- **Records for processing**

************

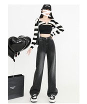 レトロなブルー プリーツ デザイン ドレープ ワイドレッグ ジーンズ ルーズ モップ パンツ 2022 秋のスタイル 痩身と多用途 オータム 秋物 youqi95135129306
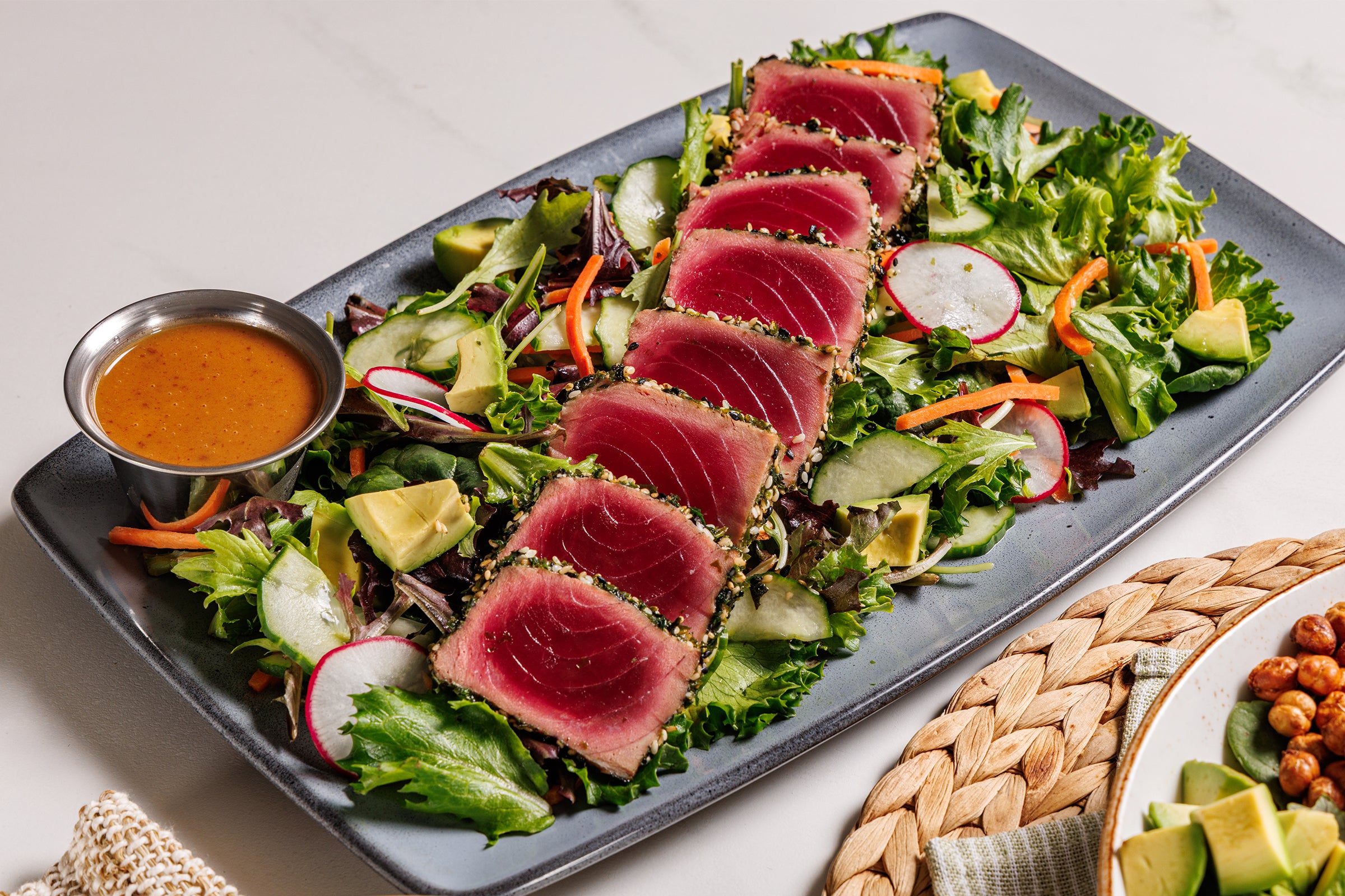 Line caught, seared-rare furikake-crusted yellowfin tuna, field greens, carrots, radish, avocado, pickled cucumbers, peanut ponzu vinaigrette + soy dipping sauce on the side
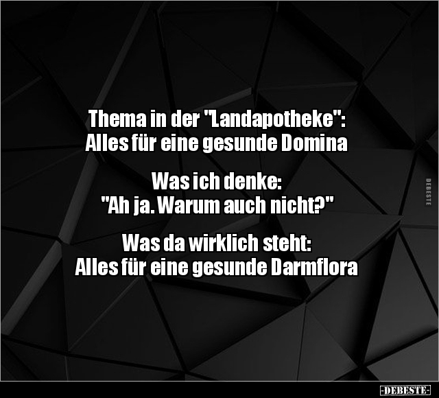 Thema in der "Landapotheke": Alles für eine gesunde Domina Was ich denke: "Ah ja. Warum auch nicht?" Was da wirklich steht: Alles für eine gesunde Darmflora
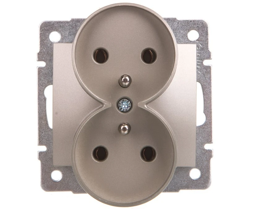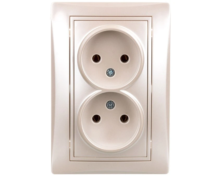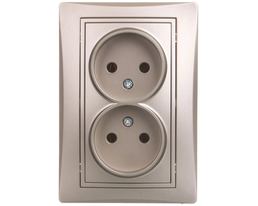 DOMO Gniazdo podwójne bez uziemienia kompletne śrubowe 16A 250V szampański 011280150 25036
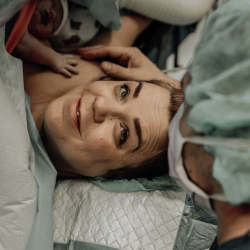 Een gentle sectio is prachtig om mee te maken. Er is alle tijd, rust en ruimte om de geboorte zo ontspannen mogelijk te maken voor ouders en baby. Zo was het ook op die regenachtige ochtend niet anders. Op de hele OK voelde je een ontspannen sfeer en iedereen was relaxed. Langzaam werd de buik geopend en de baby geboren. Het huiltje vulde de ruimte al voordat Giulia helemaal geboren was. Wat was dat fijn! Daar was ze! Veilig en wel, rustig, uit mama haar buik gehaald door de kundige gynaecologen. Papa had de eer, om door het operatiedoek heen, haar navelstreng door te knippen. Daarna volgde een korte check door de kinderarts en werd kleine Giulia al direct bij mama op haar borst gelegd. Hier heeft zij het eerste uur (vanaf haar geboorte tot het moment dat we terug waren op de kraamafdeling) heerlijk gelegen in de speciale buideltop. Hoe fijn is dat! En zó anders dan de vorige keer.
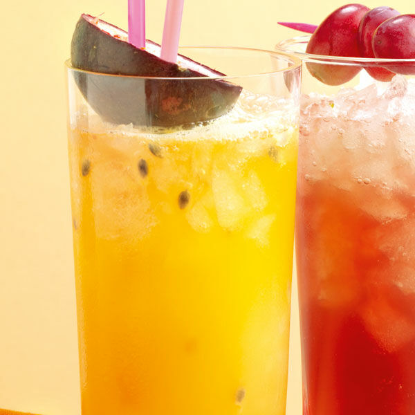 Die Orangenlimo in den Shakerbecher geben, einmal durchschwenken und durch das Barsieb in das Glas gießen. Die Maracujaschalenhälfte als »Hütchen« auf den Drink setzen und den Drink mit dem Trinkhalm sofort servieren.

************

- **Task directions**
Take each line from the records and copy it unchanged, leaving images out.

- **Solution to this task**
 レトロなブルー プリーツ デザイン ドレープ ワイドレッグ ジーンズ ルーズ モップ パンツ 2022 秋のスタイル 痩身と多用途 オータム 秋物 youqi95135129306
 Line caught, seared-rare furikake-crusted yellowfin tuna, field greens, carrots, radish, avocado, pickled cucumbers, peanut ponzu vinaigrette + soy dipping sauce on the side
 Thema in der "Landapotheke": Alles für eine gesunde Domina Was ich denke: "Ah ja. Warum auch nicht?" Was da wirklich steht: Alles für eine gesunde Darmflora
 DOMO Gniazdo podwójne bez uziemienia kompletne śrubowe 16A 250V szampański 011280150 25036
 Een gentle sectio is prachtig om mee te maken. Er is alle tijd, rust en ruimte om de geboorte zo ontspannen mogelijk te maken voor ouders en baby. Zo was het ook op die regenachtige ochtend niet anders. Op de hele OK voelde je een ontspannen sfeer en iedereen was relaxed. Langzaam werd de buik geopend en de baby geboren. Het huiltje vulde de ruimte al voordat Giulia helemaal geboren was. Wat was dat fijn! Daar was ze! Veilig en wel, rustig, uit mama haar buik gehaald door de kundige gynaecologen. Papa had de eer, om door het operatiedoek heen, haar navelstreng door te knippen. Daarna volgde een korte check door de kinderarts en werd kleine Giulia al direct bij mama op haar borst gelegd. Hier heeft zij het eerste uur (vanaf haar geboorte tot het moment dat we terug waren op de kraamafdeling) heerlijk gelegen in de speciale buideltop. Hoe fijn is dat! En zó anders dan de vorige keer.
 Die Orangenlimo in den Shakerbecher geben, einmal durchschwenken und durch das Barsieb in das Glas gießen. Die Maracujaschalenhälfte als »Hütchen« auf den Drink setzen und den Drink mit dem Trinkhalm sofort servieren.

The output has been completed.